We can’t physically live with him like that, but imagine if when we accepted the call to follow Him, we spent all day, everyday in His presence through the Word and prayer, and doing the things that that would produce in our lives. That would be the equivalent of what His disciples did. We have a tough time committing 15 minutes a day to being in His presence, letting Him speak to us?

You might say, “I read the Bible sometimes and nothing really happens, I don’t hear him speaking to me, it gets kind of boring and I have so many other things I have to do.” Well I understand that and I wonder how often the disciples were bored, sometimes spending days just walking with Jesus. I’m sure not every moment was an exciting learning experience, or a bunch of miracles. And they didn’t have all the distraction that we have created. But the intent of their hearts was to be with Him every day to not miss anything that might happen, but most of all to be changed by Him.

Have you been changed by Jesus? Does your heart ache for people who are lost? Is it hard for you not to talk about what Jesus has done in your life? Why are we here, why did God disperse us sitting in this room today, to this particular place on earth at this particular time?
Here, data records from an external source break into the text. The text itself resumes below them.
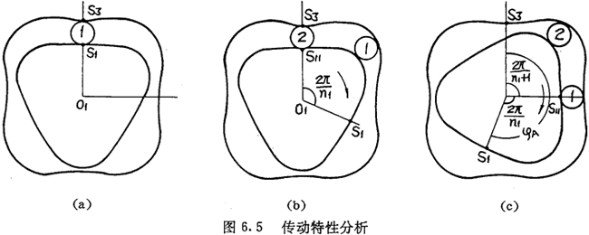 固定內齒圈,當太陽輪起點從初始位置開始轉動到與行星輪重新在初始位置接觸時,太陽輪轉過的圈數(shù)與行星輪公轉過的圈數(shù)之比ip12稱作太陽輪與行星輪的均傳動比。圖6.5(a)為初始位置,圖6.5(c)為太陽輪按順時針方向相對行星輪1轉過一個周期后的情形。此時內齒圈相對該行星輪也應轉過一個周期,即行星輪1從初始位置公轉過的角度為:
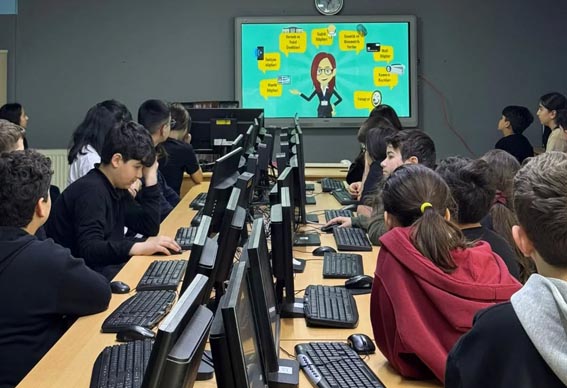 Ertuğrul Gazi Ortaokulu'nda Codeweek kapsamında 7 Nisan Kişisel Verileri Koruma Günü dolayısıyla düzenlenen etkinliklerde öğrenciler, dijital güvenlik ve veri mahremiyeti konusunda bilinçlendirildi.
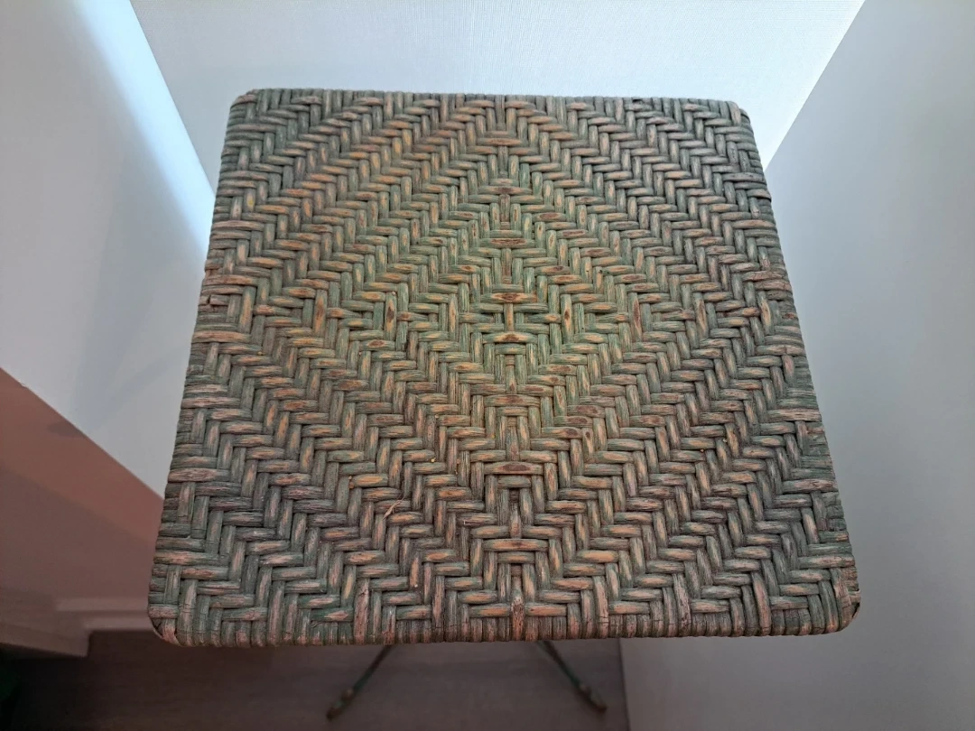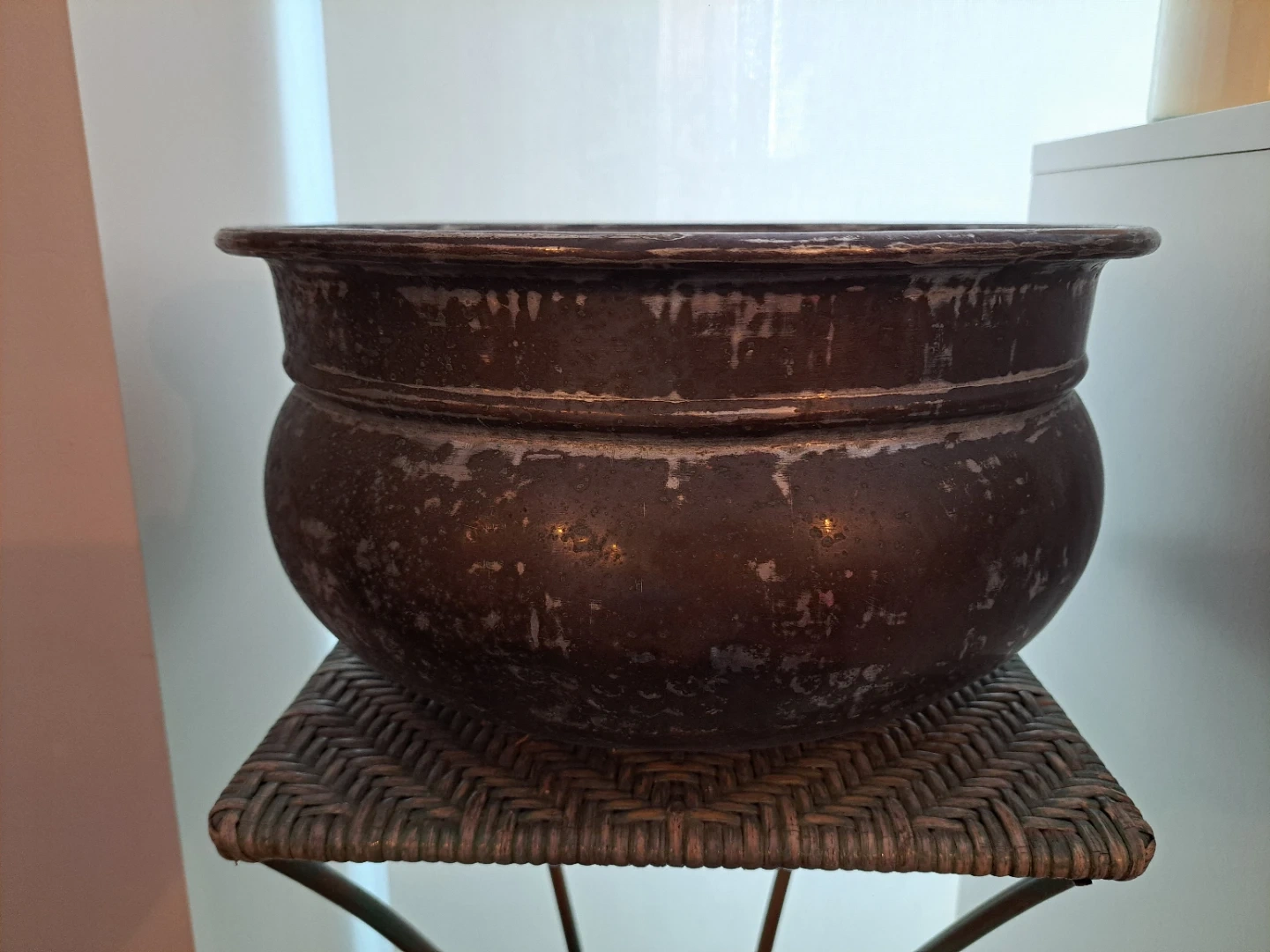 A vintage hammered metal pot sits on a decorative stand with a wicker top. This piece adds a rustic charm to any indoor or outdoor space. It's great for holding plants or as a decorative accent.
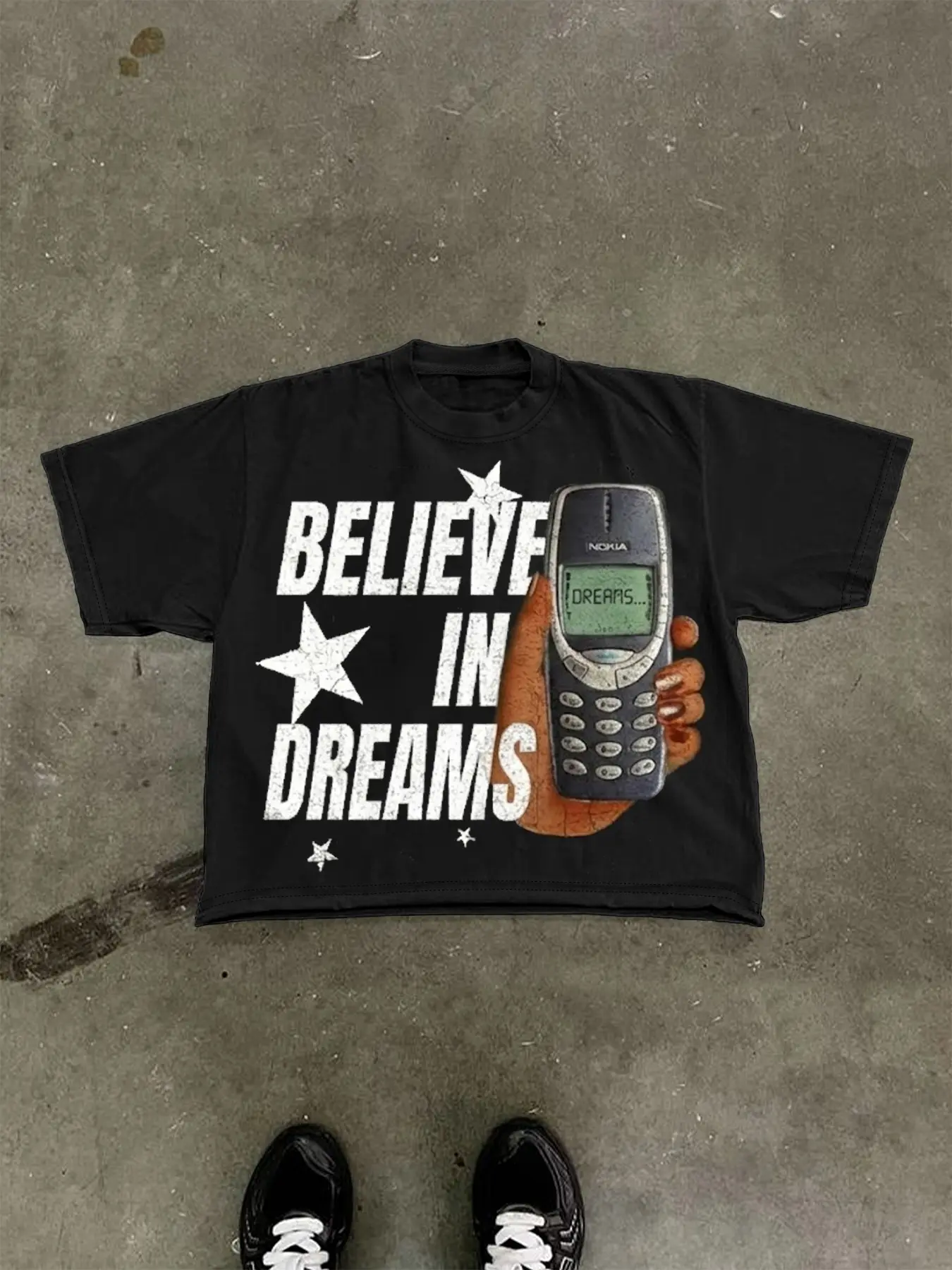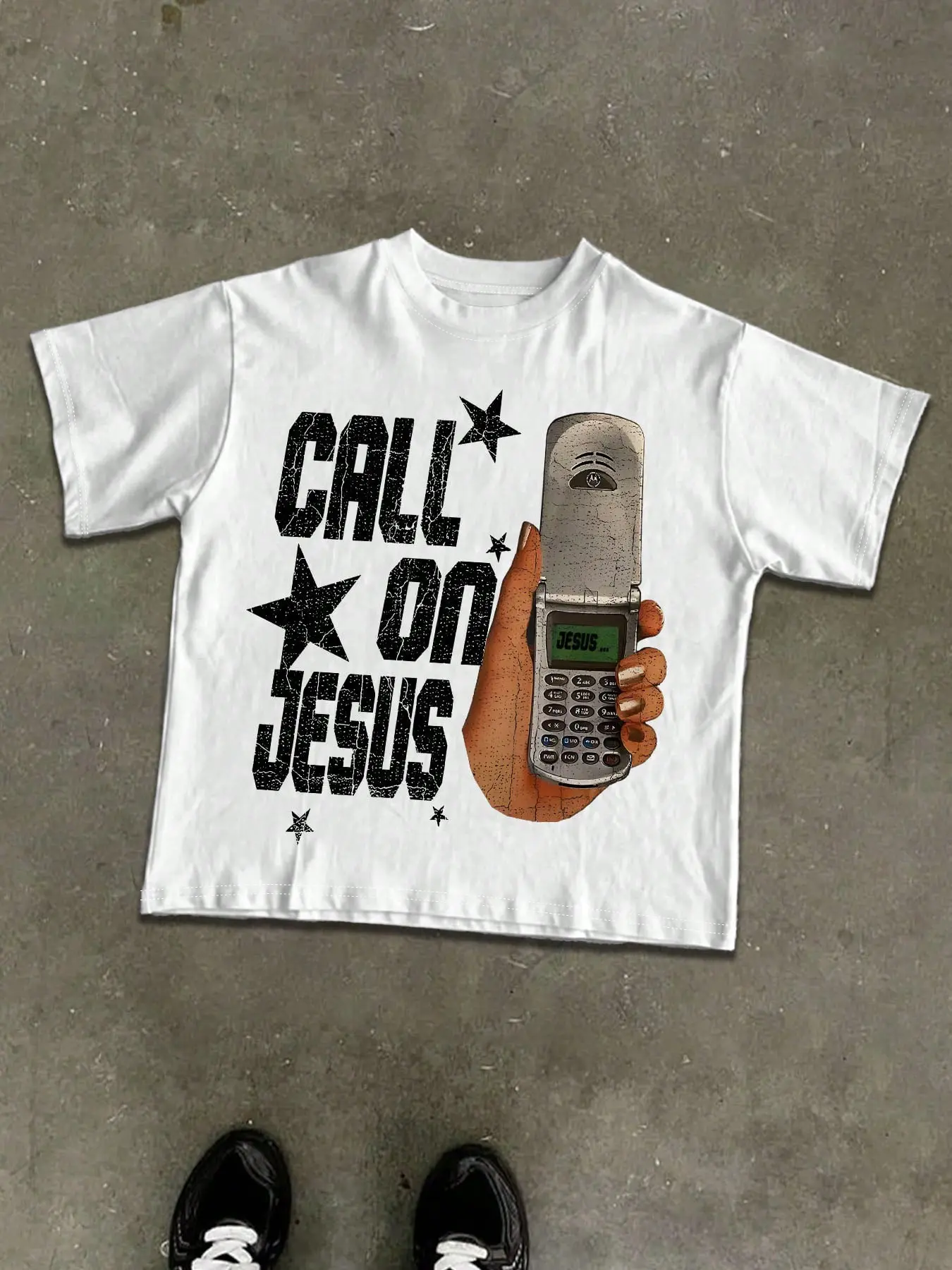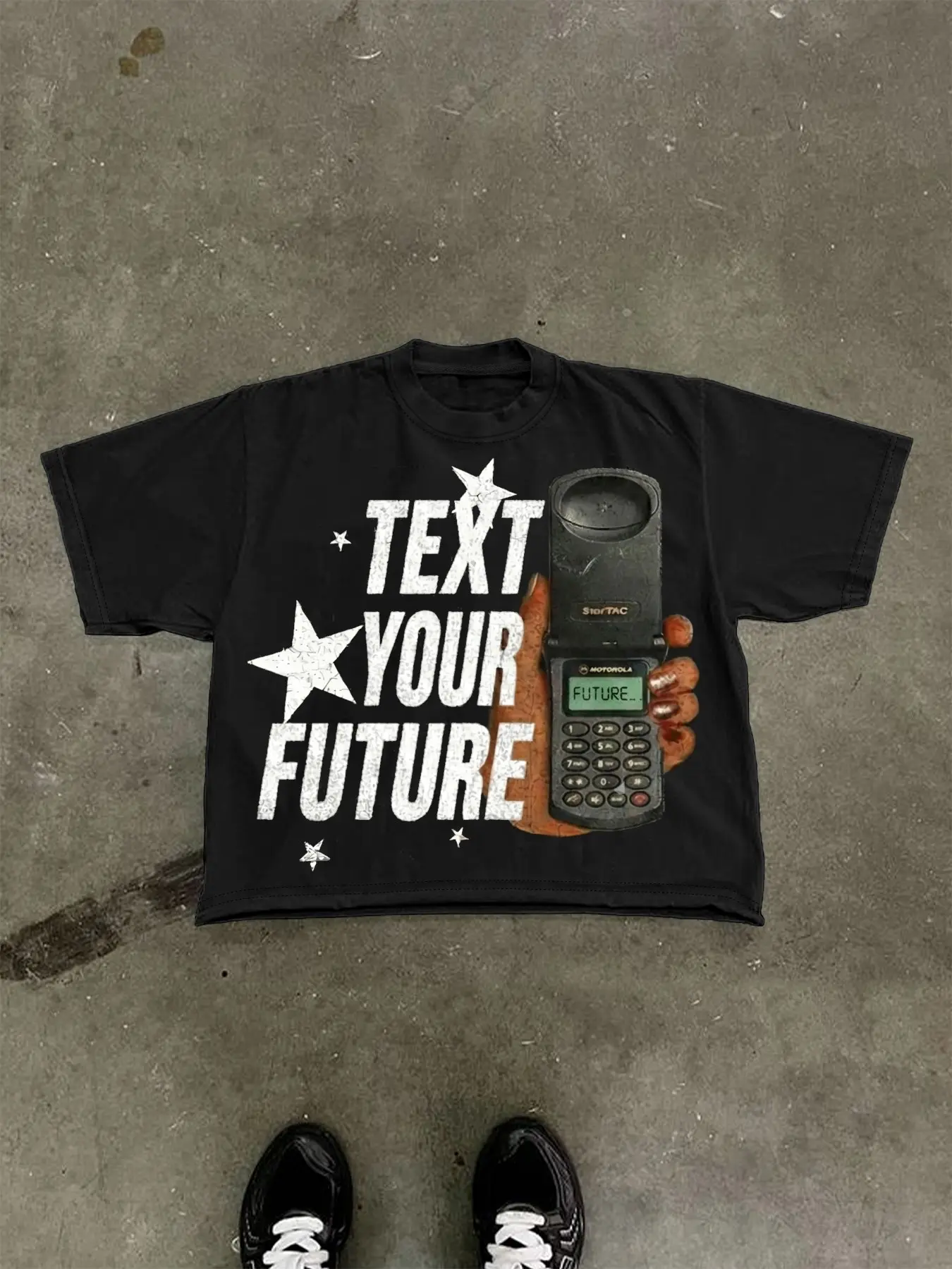 only photo I have is of me and my bf so sorry about that ,the shirt did take a little big longer then expected to arrive however I was not disappointed when it arrived. It’s not cheaply printed on the shirt it feels nice and it’s like a box cropped shirt which I really enjoy for my style:)

So be fruitful and multiply. But let me add a caution, we want to multiply disciples, so make sure that before you go out there procreating yourself, that you’re life is devoted to being a disciple, start with yourself, make it your utmost priority to allow God to make you a fruitful Christian whose main goal in life is to love God and other people. Then do what we are going to see Abraham do. GO. But don’t wait until you are perfect, as soon as you know the Gospel message, you are ready to spread it. You may find that this beyond anything else you can do, will make you a fruitful disciple.